From the line with "Ligne A Longueur" through the line with "天津危险品仓库发生爆炸事件后", inclusive, return each line of the data below exactly and leave the rest out.

◆ Exercise inputs:

════

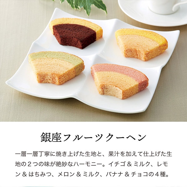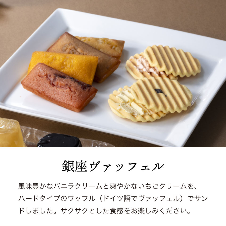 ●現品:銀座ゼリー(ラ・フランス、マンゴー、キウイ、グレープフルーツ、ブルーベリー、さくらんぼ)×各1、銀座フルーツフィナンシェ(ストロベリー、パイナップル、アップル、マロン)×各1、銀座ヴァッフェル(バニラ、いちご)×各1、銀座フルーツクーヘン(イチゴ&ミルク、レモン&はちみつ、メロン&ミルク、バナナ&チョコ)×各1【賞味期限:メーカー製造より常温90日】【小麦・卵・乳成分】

════

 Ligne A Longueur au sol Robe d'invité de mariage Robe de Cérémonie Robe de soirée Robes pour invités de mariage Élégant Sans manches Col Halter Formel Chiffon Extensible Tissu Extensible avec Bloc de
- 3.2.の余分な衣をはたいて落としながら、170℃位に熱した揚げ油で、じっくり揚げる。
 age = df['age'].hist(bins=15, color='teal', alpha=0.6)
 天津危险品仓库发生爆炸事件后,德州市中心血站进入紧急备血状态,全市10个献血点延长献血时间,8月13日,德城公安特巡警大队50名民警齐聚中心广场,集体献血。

════

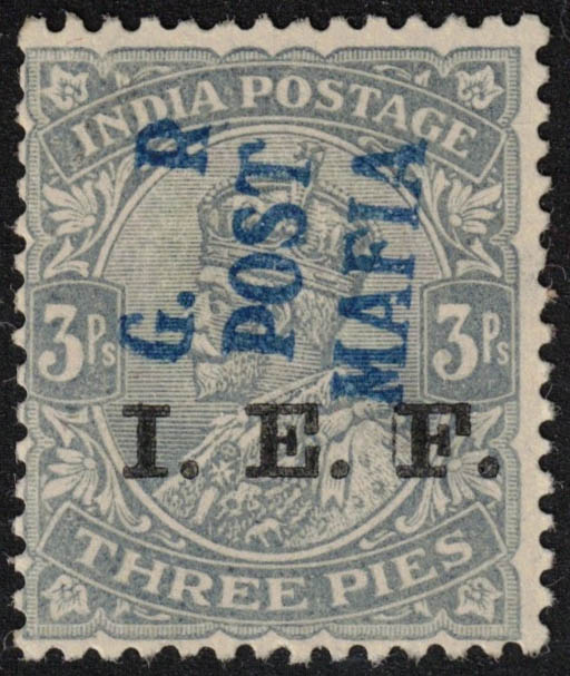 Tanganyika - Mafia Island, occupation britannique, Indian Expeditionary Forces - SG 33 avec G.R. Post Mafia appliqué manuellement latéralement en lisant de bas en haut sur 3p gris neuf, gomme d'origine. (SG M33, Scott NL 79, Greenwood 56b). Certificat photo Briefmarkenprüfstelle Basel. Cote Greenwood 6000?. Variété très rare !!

════

◆ Response to the exercise:
 Ligne A Longueur au sol Robe d'invité de mariage Robe de Cérémonie Robe de soirée Robes pour invités de mariage Élégant Sans manches Col Halter Formel Chiffon Extensible Tissu Extensible avec Bloc de
- 3.2.の余分な衣をはたいて落としながら、170℃位に熱した揚げ油で、じっくり揚げる。
 age = df['age'].hist(bins=15, color='teal', alpha=0.6)
 天津危险品仓库发生爆炸事件后,德州市中心血站进入紧急备血状态,全市10个献血点延长献血时间,8月13日,德城公安特巡警大队50名民警齐聚中心广场,集体献血。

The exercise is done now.